Function.dominatorTree is more expensive than Function.dfs; both are more 
expensive than a simple Vector.map.  I don't think that the dominator tree 
gives you any more useful structure than the dfs; you just need to visit 
defs before uses.

>> As mentioned in the previous e-mail, commonArg doesn't really apply to the
>> result of the combineConversions optimization.  combineConversions should
>> come before commonSubexp for the reasons you've noted earlier.
>
>> I would have liked to see combineConversions come before some inlining,
>> since it has the effect of shrinking the size of functions using
>> conversions.
>
> It doesn't shrink the code that much, and if you don't inline first you
> might miss an opportunity to simplify the code.

Sure; there is always a phase ordering problem.  But, I think that 
combineConversions would be a fairly cheap optimization and could be 
applied more than once.

>>  I wonder if we shouldn't have an earlier round of commonSubexp (and
>> thereby able to move combineConversions earlier) after contify2 and before
>> inlineNonRecursive.
>
> When I compiled MLton with this optimization it affected a grand total of
> five conversions. So I think you're overestimating the impact on code size.
> The optimization has the most impact on tight loops involving conversions
> (typical for serialization code like I'm working on). Even there the
> code-size isn't greatly reduced.

Interesting.  I guess it is true that most of the conversions would be 
quite explicit: WordN.fromLargeWord o WordM.toLargeWord.
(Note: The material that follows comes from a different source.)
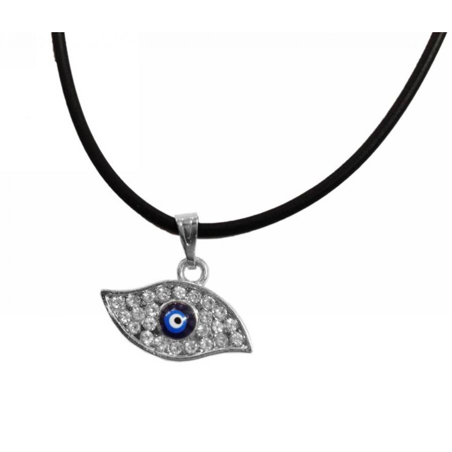 Necklace with rubber collar and eye. The eye symbol is used as a talisman in greek culture. The collar has a clasp and a perimeter of 40 cm. The materials used for construction are safe and hypoallergenic. The metal elements do not oxidize.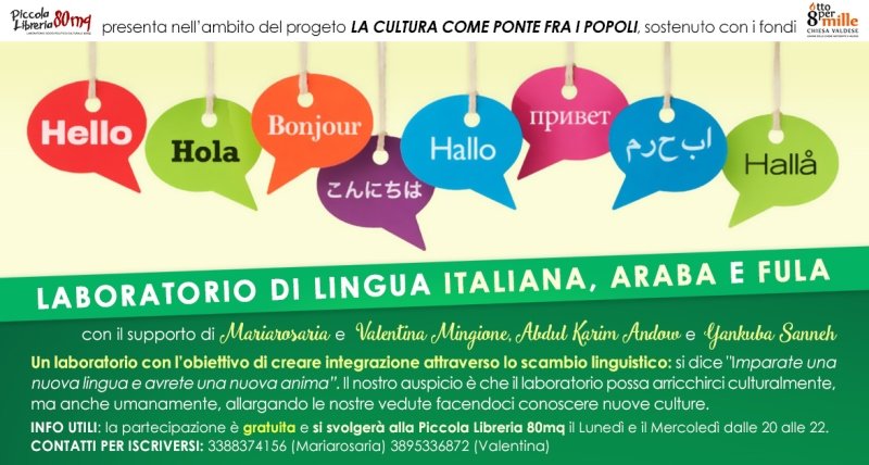 Iscrizioni aperte al laboratorio gratuito di lingue, Italiano, Arabo e Fula

BTW, what were the results from the benchmarks?  That is good data to 
include in the initial commit of the combineConversions optimization.

>>> I meant PackWord versions without bounds checking. I would still really like
>>> exposed this somewhere. The Unsafe library, for example.
>>>
>> O.k.  Alternatively, someone could write a bounds check elimination pass.
>> ;-)
>>
> How hard is this to do? For it to be useful it would have to work with
> loops.

There is a rich literature on bounds check elimination.  Actually, the 
redundantTests optimization is able to eliminate some array bounds checks.